**Recorded data**
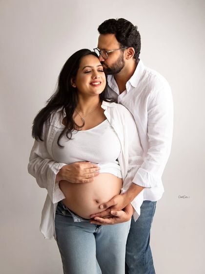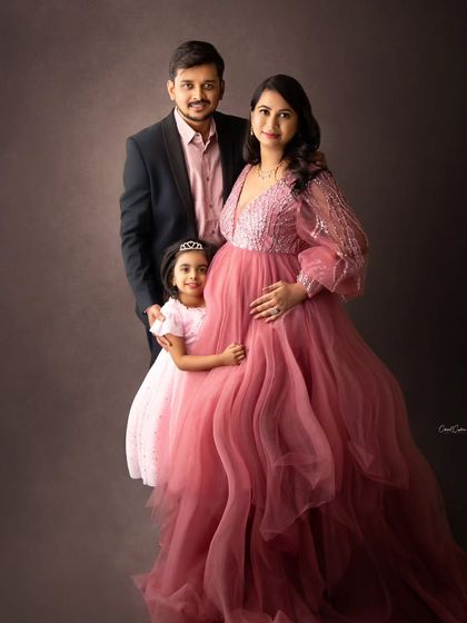 We offer maternity photo sessions in our studio with a range of outfits, props, and lighting styles, and you can include your partner or kids for natural, memorable photos.
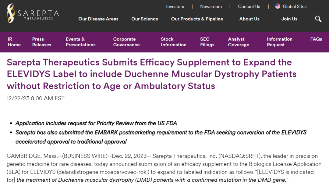 12月22日,Sarepta Therapeutics宣布已向FDA提交Elevidys(SRP-9001,delandistrogene moxeparvovec)用于治疗4-7岁杜氏肌营养不良症(DMD)患儿的补充生物制品许可申请(sBLA)。
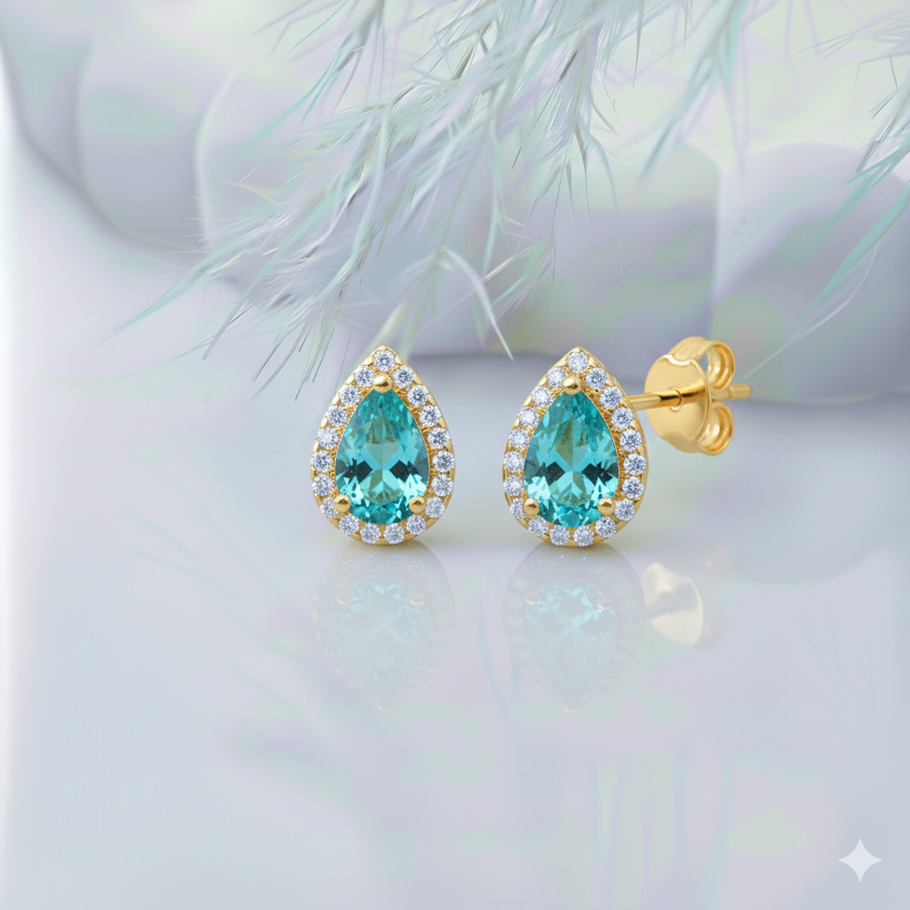 Pear Design Aquamarine CZ Stone Stud Earring - 2.00 g
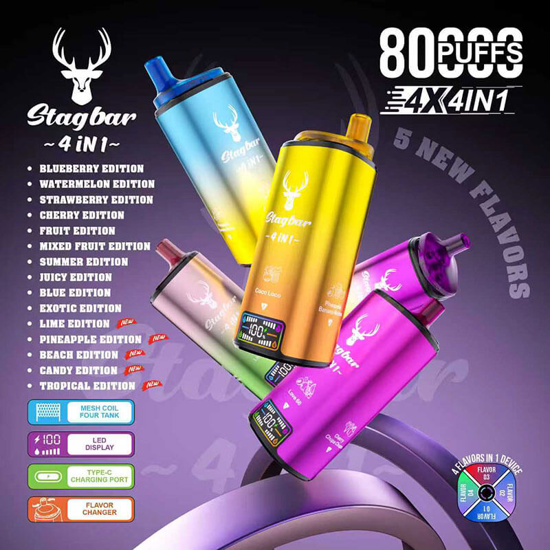Discover the STAGBAR 4 in 1 Disposable Vape, the ultimate choice for wholesalers and distributors looking for high-capacity, multi-flavor convenience. Designed for long-lasting satisfaction, this innovative device offers 80,000 puffs with four separate flavor pods in one unit, giving your customers a versatile vaping experience.

**Task to carry out**
Reproduce all lines above exactly. Leave the images out.

**Answer area**
 We offer maternity photo sessions in our studio with a range of outfits, props, and lighting styles, and you can include your partner or kids for natural, memorable photos.
 12月22日,Sarepta Therapeutics宣布已向FDA提交Elevidys(SRP-9001,delandistrogene moxeparvovec)用于治疗4-7岁杜氏肌营养不良症(DMD)患儿的补充生物制品许可申请(sBLA)。
 Pear Design Aquamarine CZ Stone Stud Earring - 2.00 g
Discover the STAGBAR 4 in 1 Disposable Vape, the ultimate choice for wholesalers and distributors looking for high-capacity, multi-flavor convenience. Designed for long-lasting satisfaction, this innovative device offers 80,000 puffs with four separate flavor pods in one unit, giving your customers a versatile vaping experience.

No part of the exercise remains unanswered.